--- START ---

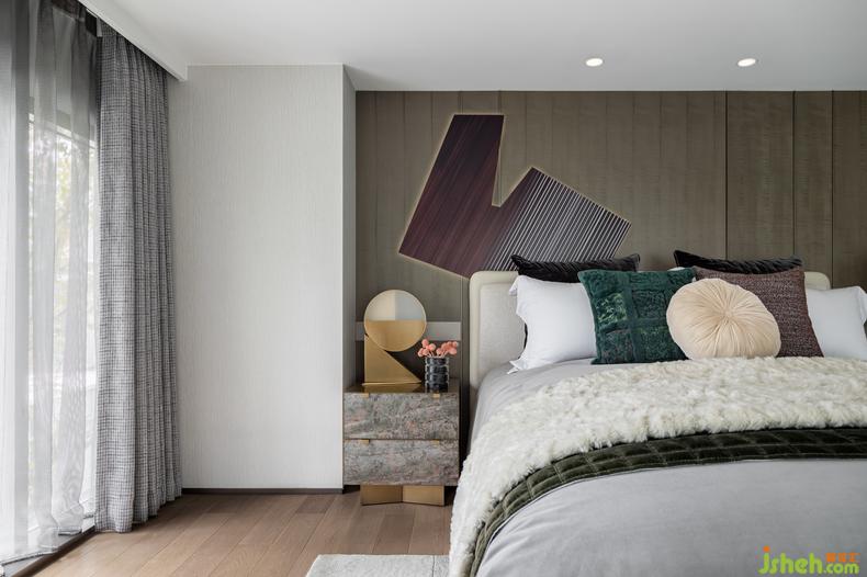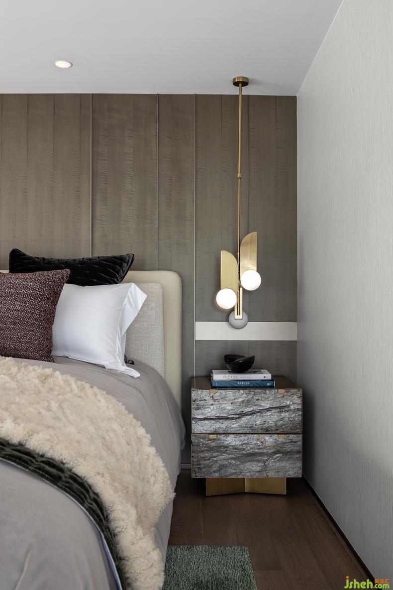 以撞色幾何地毯點(diǎn)綴的主臥空間層次感十足,從實(shí)用的角度到超載的發(fā)揮共同構(gòu)成藝術(shù)的主體。
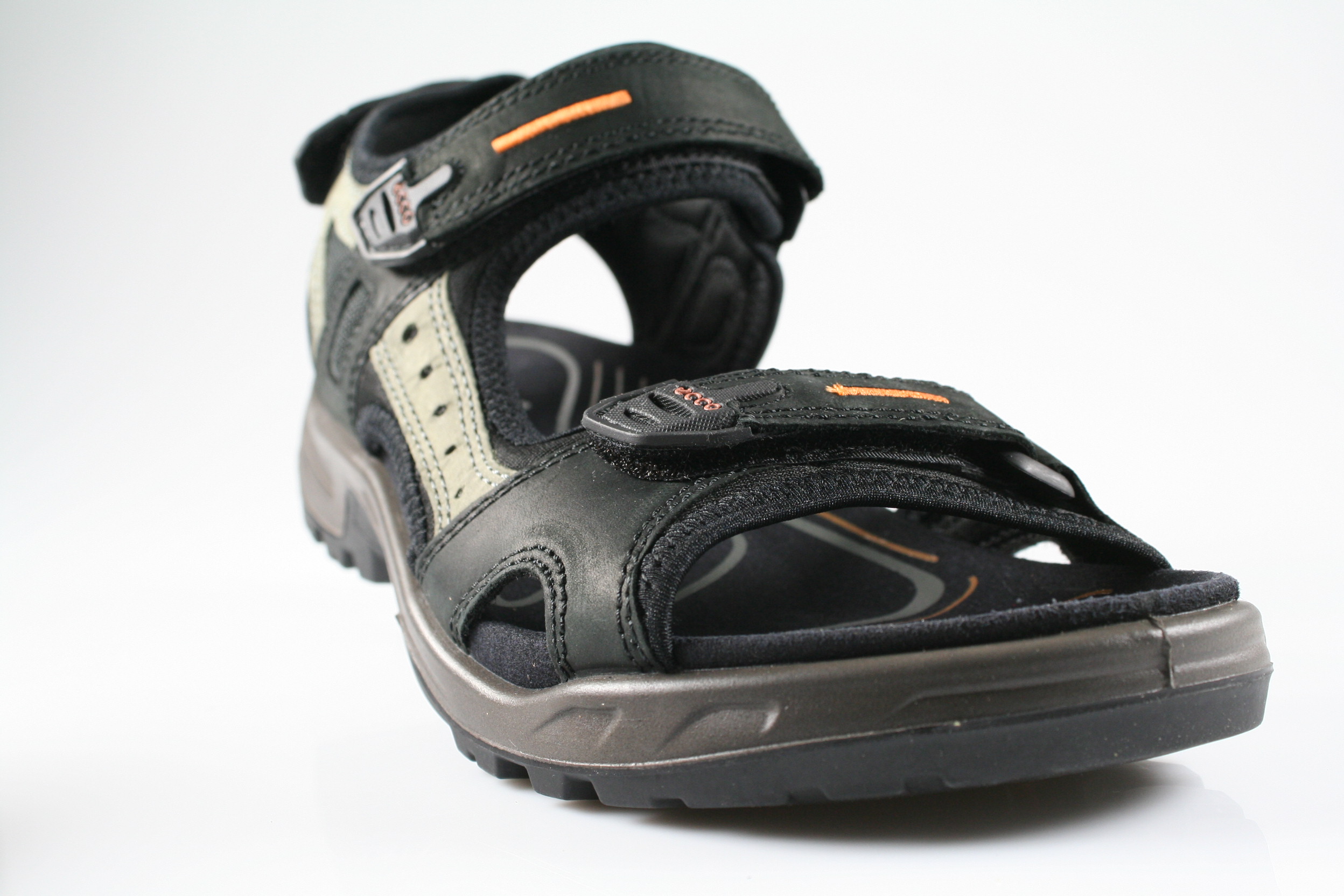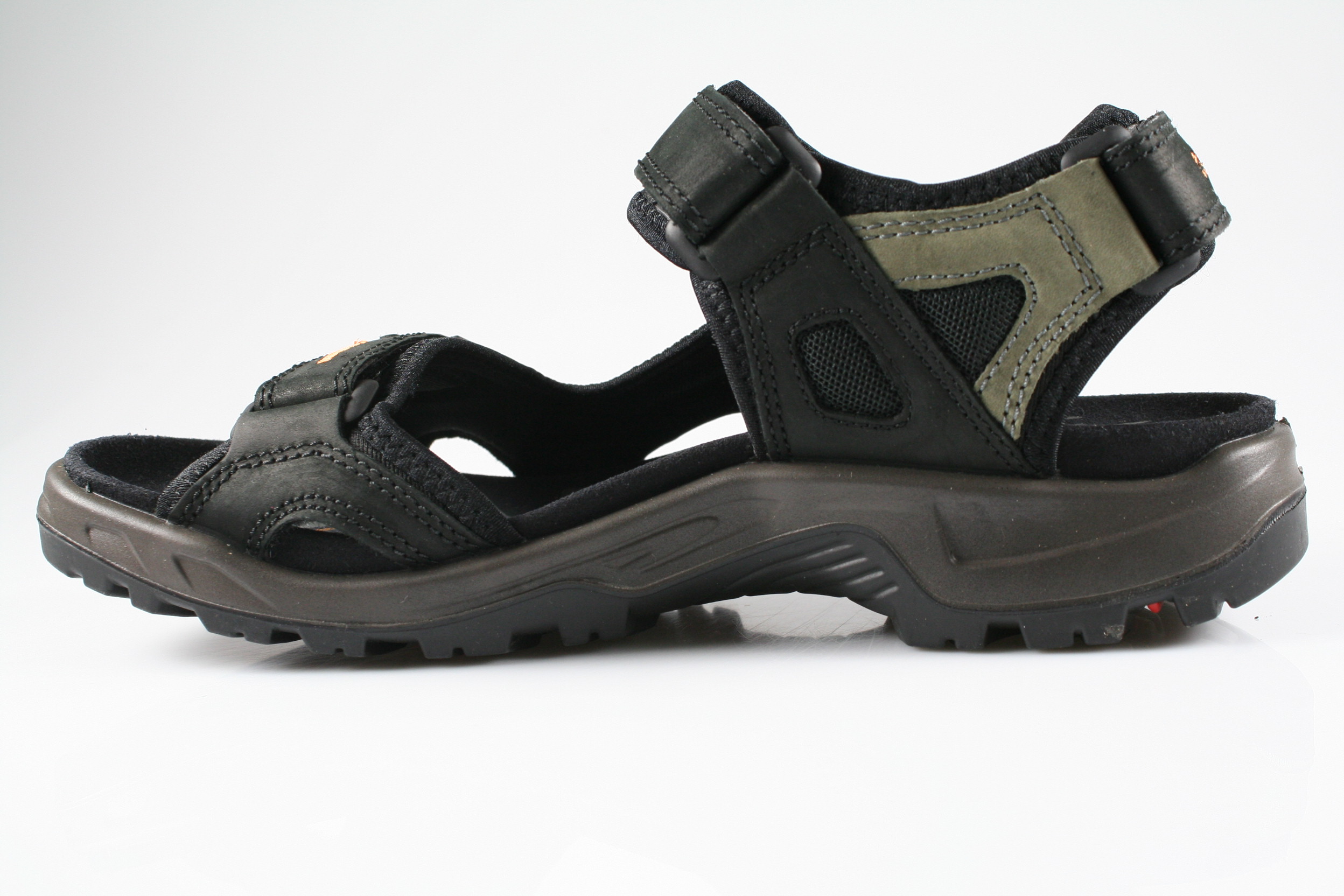 Typ: Sandale; Farbe "black/mole"; Ausstattung:; - Obermaterial: Leder; - atmungsaktives Futter; - weiches Fußbett; - leichte Laufsohle; - gepolsterter Schaftrand; - drei Klettverschlüsse zur Weitenregulierung
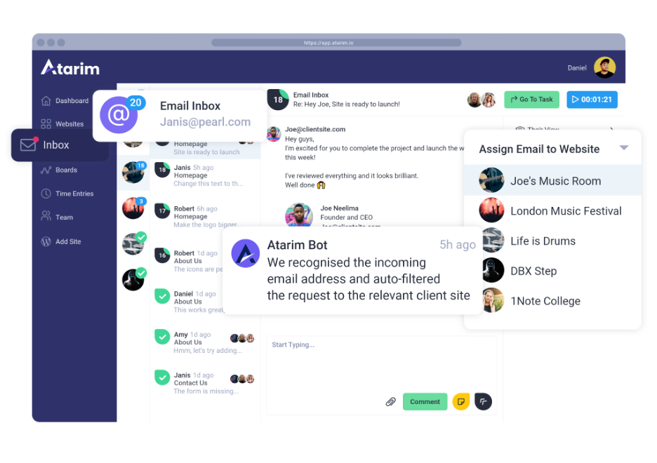 If you still prefer using email for content delivery, then Atarim also steps in as the best solution — their unified inbox, created specifically for web creators, will make email communication much easier!
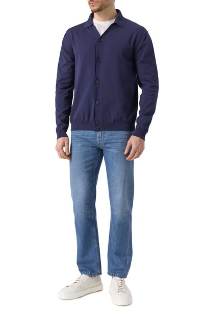 Для изготовления кардигана с воротником-стойкой и боковыми карманами использовали стрейчевый трикотаж на основе хлопка, усиленный шелком. Переднюю часть модели на встречной молнии выполнили из тонкой замши.
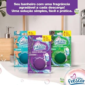 INSTRUÇÕES DE USO: 1 - Retire o bloco da embalagem plástica. 2 - Abra a tampa da caixa acoplada, em seguida insira o bloco Novo Frescor posicionando o produto longe da saída de água. 3 - Recoloque a tampa da caixa acoplada e aguarde 10 minutos para acionar a descarga. 4 - Quando a coloração da água diminuir, coloque outro Bloco para Caixa Acoplada Novo Frescor. Precauções e Segurança: Conserve fora do alcance das crianças e dos animais domésticos. Não expor o produto ao sol e calor acima de 35ºc. Não reutilizar a embalagem vazia. Lavar as mãos após o manuseio do produto. Em caso de contato com os olhos, lavar com água em abundância. Em caso de ingestão, não provocar vômito e consultar imediatamente o centro de intoxicações ou serviço de saúde mais próximo levando a embalagem vazia. Nunca reutilizar a embalagem vazia.
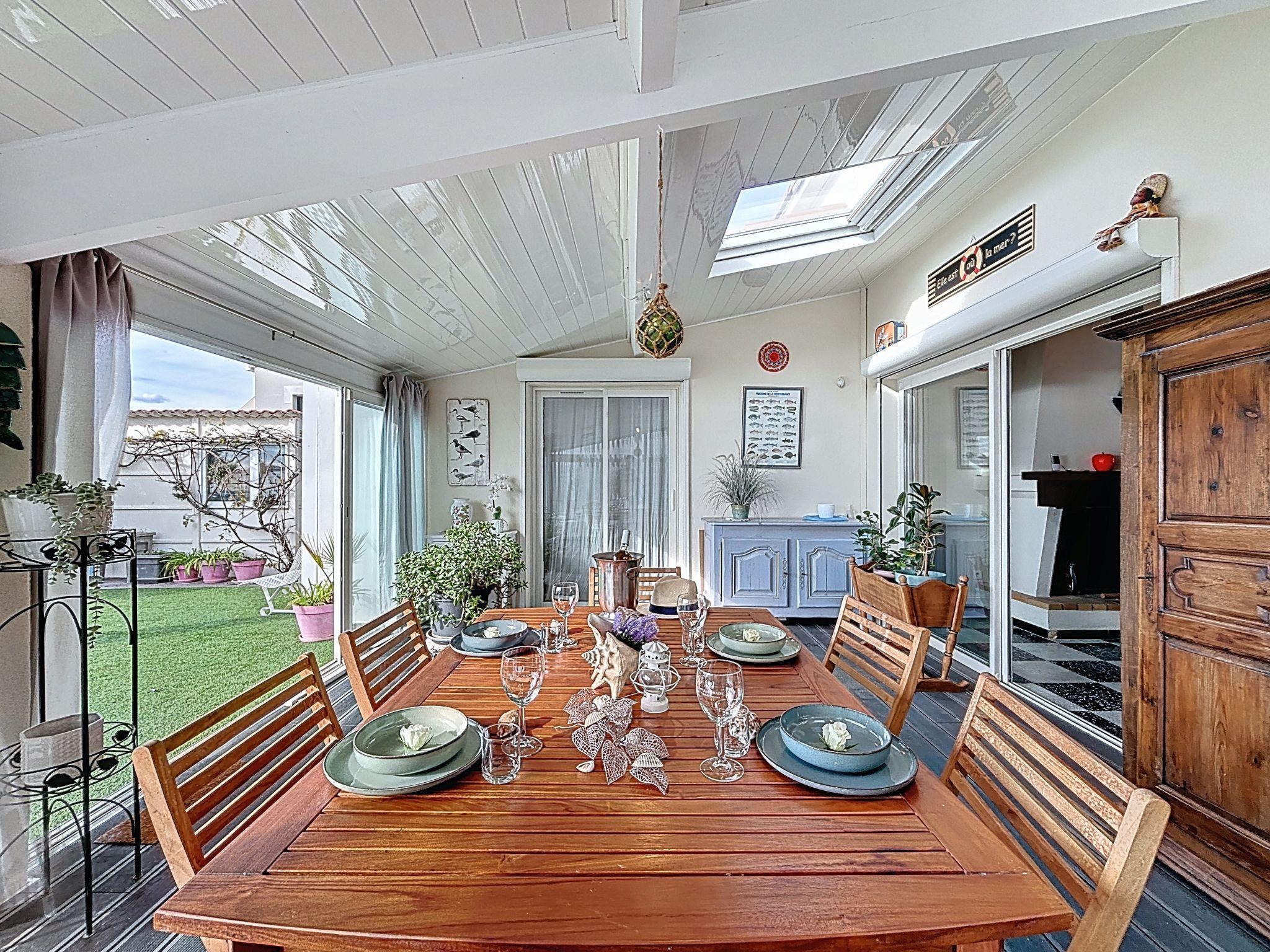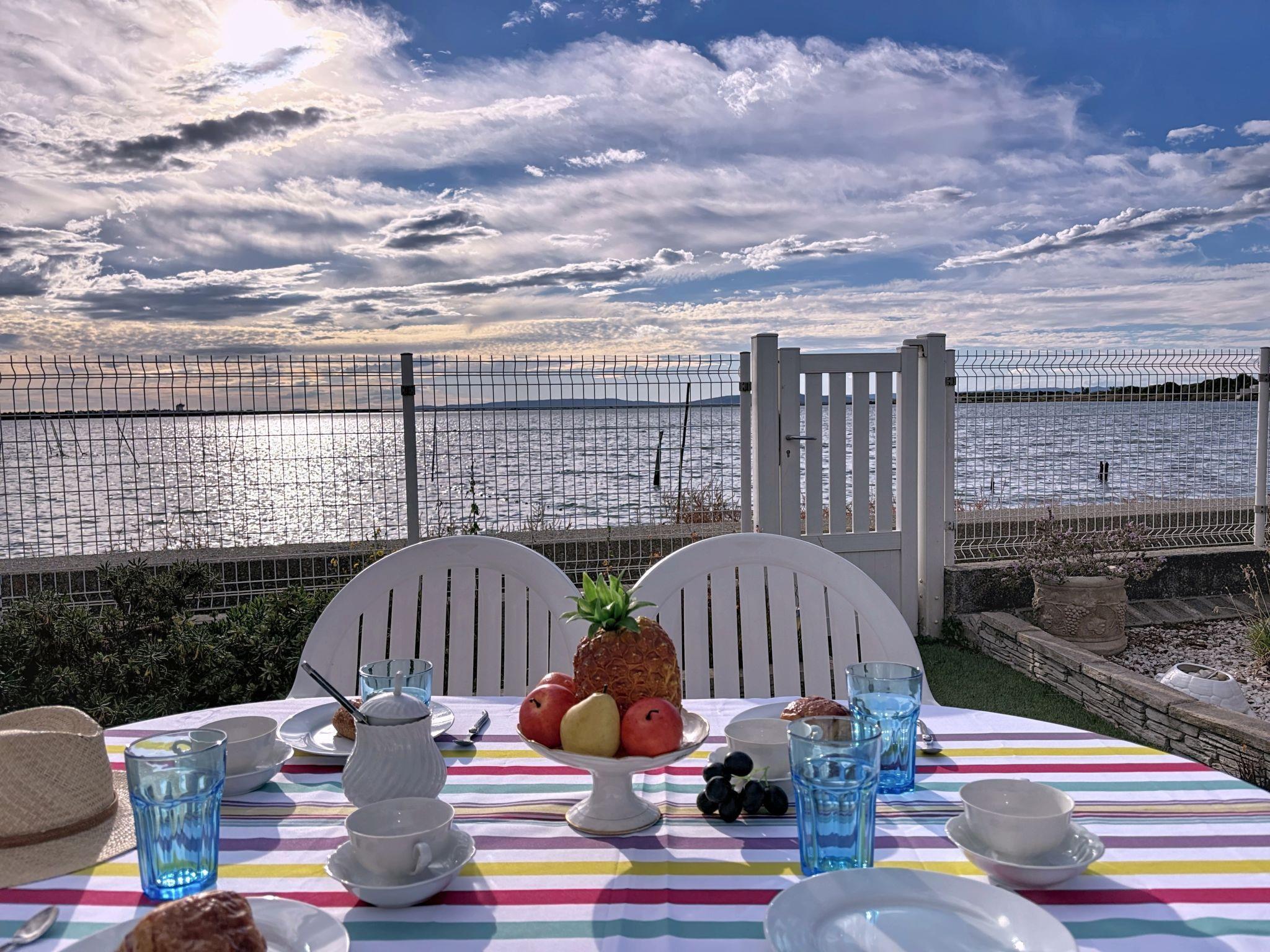 "Les Cabanes de Pérols", 3-room house 104 m2 on 2 levels, south facing position. Spacious, comfortable and beautiful furnishings: living/dining room with veranda with open-hearth fireplace, dining table and TV (flat screen), air conditioning and forced-air heating. Exit to the veranda. 1 large room with 1 french bed (140 cm, length 200 cm), TV (flat screen), air conditioning and forced-air heating. Exit to the veranda. Kitchen (oven, dishwasher, 3 induction hot plates, toaster, kettle, microwave, freezer, electric coffee machine, Capsules for coffee machine (NESPRESSO) extra). Shower, sep. WC. Electric heating. Upper floor: open gallery with sloping ceilings, ceiling height 130 - 220 cm with 1 french bed (140 cm, length 190 cm). Garden 229 m2, south facing position. Terrace furniture, barbecue electric barbecue, deck chairs. Very beautiful view of the ponds. Facilities: washing machine. Internet (WiFi, free). Parking (fenced 1 car). Please note: suitable for families. Non-smoking house. Smoke alarm. Offer by a private individual according to Art. 155, IV of CGI. 0768107864258

--- END ---

**ASSIGNMENT:**
Give back exactly the lines of the listing above from the one that contains "If you still" up to and including the one that contains "Для изготовления кардигана", but not the pictures, and no other lines.

**SOLUTION TO THIS EXERCISE:**
 If you still prefer using email for content delivery, then Atarim also steps in as the best solution — their unified inbox, created specifically for web creators, will make email communication much easier!
 Для изготовления кардигана с воротником-стойкой и боковыми карманами использовали стрейчевый трикотаж на основе хлопка, усиленный шелком. Переднюю часть модели на встречной молнии выполнили из тонкой замши.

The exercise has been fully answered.